We are happy to announce Docusaurus 3.10.

This will be the last release in the v3.x line, and it helps you prepare for Docusaurus v4.

Upgrading is easy. We follow Semantic Versioning, and minor version updates have no breaking changes, according to our release process.

However, if you opt in for upcoming Docusaurus v4 breaking changes globally with future.v4: true, make sure to review the dedicated section below.

v4 Future Flags

The Docusaurus v4 Future Flags let you opt in for upcoming Docusaurus v4 breaking changes incrementally and prepare for Docusaurus v4 ahead of time. You can enable them all at once with future.v4: true.
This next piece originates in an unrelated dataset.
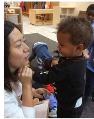
feeling a vibration

We are surrounded by sound all the time. Sound has importance in our classroom life and plays an important role in our lives.

This release introduces new flags and breaking changes that might break your site if you use future.v4: true and upgrade:

• future.v4.siteStorageNamespacing: In Docusaurus v4, localStorage keys will be automatically namespaced by default (theme => theme-<hash>) to prevent key conflicts. This is likely to reset your site's visitor storage unless you migrate it to new key names. See the dedicated Site Storage section below.
• future.v4.fasterByDefault: Docusaurus Faster is now stable and will be enabled by default in Docusaurus v4. See the dedicated Docusaurus Faster section below.
• future.v4.mdx1CompatDisabledByDefault: In Docusaurus v4, MDX v1 compatibility options will be disabled by default, and you might have to adjust your docs accordingly. See the dedicated Strict MDX section below.

Security

npm supply chain attacks have surged recently. A single compromised maintainer or package can ripple through the ecosystem and affect thousands of downstream users, as seen with the axios compromise.

We’ve taken steps to strengthen our supply chain, and recommend securing your own site with additional measures as well.

Trusted Publishing

We adopted npm Trusted Publishing for stable and canary releases.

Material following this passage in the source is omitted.